_Exercise requirements_
Repeat exactly, and only, the lines running from the one that holds "SK海力士的VFO技术结合了" to the end of the records.

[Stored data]
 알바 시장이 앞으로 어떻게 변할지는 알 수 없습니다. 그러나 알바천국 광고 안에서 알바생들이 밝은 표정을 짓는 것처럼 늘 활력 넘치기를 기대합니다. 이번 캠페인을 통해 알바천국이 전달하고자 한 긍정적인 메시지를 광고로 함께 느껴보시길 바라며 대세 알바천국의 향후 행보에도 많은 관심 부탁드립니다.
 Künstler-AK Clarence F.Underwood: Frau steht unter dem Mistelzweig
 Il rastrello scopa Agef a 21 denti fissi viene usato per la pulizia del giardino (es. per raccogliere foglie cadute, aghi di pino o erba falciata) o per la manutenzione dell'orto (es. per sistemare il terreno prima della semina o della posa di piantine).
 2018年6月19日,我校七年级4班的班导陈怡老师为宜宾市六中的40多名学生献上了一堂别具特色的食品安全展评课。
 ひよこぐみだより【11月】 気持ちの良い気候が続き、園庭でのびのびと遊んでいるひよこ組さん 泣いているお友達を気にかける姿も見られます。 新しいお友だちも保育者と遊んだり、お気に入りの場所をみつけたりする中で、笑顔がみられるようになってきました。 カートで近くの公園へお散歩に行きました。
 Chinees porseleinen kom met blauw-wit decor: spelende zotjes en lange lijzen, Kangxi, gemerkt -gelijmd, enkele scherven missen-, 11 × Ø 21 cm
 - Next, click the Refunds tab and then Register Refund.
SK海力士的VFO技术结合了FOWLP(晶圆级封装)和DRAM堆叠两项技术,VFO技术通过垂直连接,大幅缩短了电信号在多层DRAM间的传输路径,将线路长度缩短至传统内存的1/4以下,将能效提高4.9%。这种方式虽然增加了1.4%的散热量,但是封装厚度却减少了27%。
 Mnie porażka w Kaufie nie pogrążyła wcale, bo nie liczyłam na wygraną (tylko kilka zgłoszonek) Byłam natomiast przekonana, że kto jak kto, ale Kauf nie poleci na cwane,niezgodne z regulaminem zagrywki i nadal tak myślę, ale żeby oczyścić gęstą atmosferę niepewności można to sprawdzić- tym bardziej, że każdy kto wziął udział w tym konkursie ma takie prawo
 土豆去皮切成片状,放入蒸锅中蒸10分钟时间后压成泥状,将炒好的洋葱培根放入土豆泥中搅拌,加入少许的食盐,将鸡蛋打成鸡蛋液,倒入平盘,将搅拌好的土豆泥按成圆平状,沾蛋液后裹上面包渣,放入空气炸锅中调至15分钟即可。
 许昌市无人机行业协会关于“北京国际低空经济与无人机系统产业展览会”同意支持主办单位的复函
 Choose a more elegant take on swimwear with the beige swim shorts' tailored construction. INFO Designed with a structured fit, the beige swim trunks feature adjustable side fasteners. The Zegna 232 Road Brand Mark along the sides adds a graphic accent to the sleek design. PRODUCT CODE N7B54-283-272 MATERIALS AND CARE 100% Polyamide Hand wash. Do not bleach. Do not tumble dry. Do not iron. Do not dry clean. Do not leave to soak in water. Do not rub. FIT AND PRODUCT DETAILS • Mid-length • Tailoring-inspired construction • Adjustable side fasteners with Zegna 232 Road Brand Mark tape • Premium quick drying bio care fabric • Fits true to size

_Solved problem_
SK海力士的VFO技术结合了FOWLP(晶圆级封装)和DRAM堆叠两项技术,VFO技术通过垂直连接,大幅缩短了电信号在多层DRAM间的传输路径,将线路长度缩短至传统内存的1/4以下,将能效提高4.9%。这种方式虽然增加了1.4%的散热量,但是封装厚度却减少了27%。
 Mnie porażka w Kaufie nie pogrążyła wcale, bo nie liczyłam na wygraną (tylko kilka zgłoszonek) Byłam natomiast przekonana, że kto jak kto, ale Kauf nie poleci na cwane,niezgodne z regulaminem zagrywki i nadal tak myślę, ale żeby oczyścić gęstą atmosferę niepewności można to sprawdzić- tym bardziej, że każdy kto wziął udział w tym konkursie ma takie prawo
 土豆去皮切成片状,放入蒸锅中蒸10分钟时间后压成泥状,将炒好的洋葱培根放入土豆泥中搅拌,加入少许的食盐,将鸡蛋打成鸡蛋液,倒入平盘,将搅拌好的土豆泥按成圆平状,沾蛋液后裹上面包渣,放入空气炸锅中调至15分钟即可。
 许昌市无人机行业协会关于“北京国际低空经济与无人机系统产业展览会”同意支持主办单位的复函
 Choose a more elegant take on swimwear with the beige swim shorts' tailored construction. INFO Designed with a structured fit, the beige swim trunks feature adjustable side fasteners. The Zegna 232 Road Brand Mark along the sides adds a graphic accent to the sleek design. PRODUCT CODE N7B54-283-272 MATERIALS AND CARE 100% Polyamide Hand wash. Do not bleach. Do not tumble dry. Do not iron. Do not dry clean. Do not leave to soak in water. Do not rub. FIT AND PRODUCT DETAILS • Mid-length • Tailoring-inspired construction • Adjustable side fasteners with Zegna 232 Road Brand Mark tape • Premium quick drying bio care fabric • Fits true to size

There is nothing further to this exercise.